Guideline-Based Recommendations

Diagnosis

  • Identify medications with high potential for adverse effects or uncertain net benefit as targets for deprescribing (e.g., Beers Criteria, STOPP criteria).

Management

  • Use clinically supervised processes to taper or stop medications aiming to minimize polypharmacy and improve patient outcomes.
  • Consider patient life expectancy and time to benefit when deciding on deprescribing.

Monitoring & Follow-up

  • Monitor for adverse effects and clinical outcomes longitudinally using real-world data sources.
  • Address potential biases such as immortal time bias and confounding in observational analyses.

Risks

  • Be aware of misclassification of deprescribing exposure due to nonadherence or temporary medication holds.
  • Recognize selection bias and confounding by indication when comparing deprescribed versus continued medication groups.

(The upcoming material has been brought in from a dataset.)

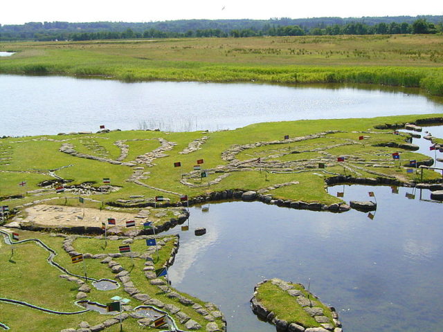 The World Map at Lake Klejtrup is a miniature 5,000-square-meter world map, built of soil, stones, and grass. It is located near the village of Klejtrup, Viborg Municipality, Denmark. Søren Poulsen, the creator of the World Map was born in Denmark in 1888. Having spent part of his life in America, he returned to the village where he was born, by the lake in Klejtrup.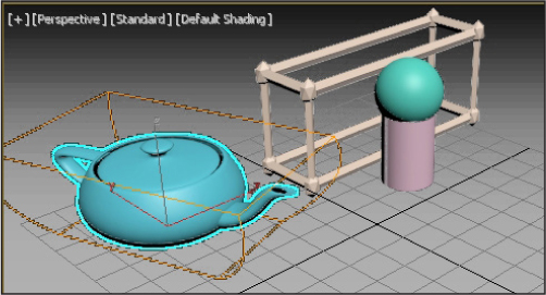 1. Continuaremos esta lección donde dejamos la anterior. Vamos a realizar modificaciones en todos los objetos para obtener una mejor composición. Para empezar, rotaremos ligeramente la tetera. En primer lugar, hay que activar la herramienta Select Object con la que seleccionaremos el objeto que vamos a modificar. Pulse sobre dicha herramienta, representada en la barra de herramientas Main Toolbar por una flecha sobre un cubo.

Patient & Prescribing Data

Older adults aged 50 years and older, including frail and complex patients often underrepresented in randomized controlled trials.

Real-world data studies provide insights on long-term and clinically relevant outcomes of deprescribing but require careful methodological approaches to reduce bias.

Clinical Best Practices

  • Clearly define deprescribing exposure with justification for minimum duration thresholds.
  • Use appropriate observational study designs that address time-related biases such as immortal time bias.
  • Ensure transparent reporting of methods and definitions to improve reproducibility and comparability across studies.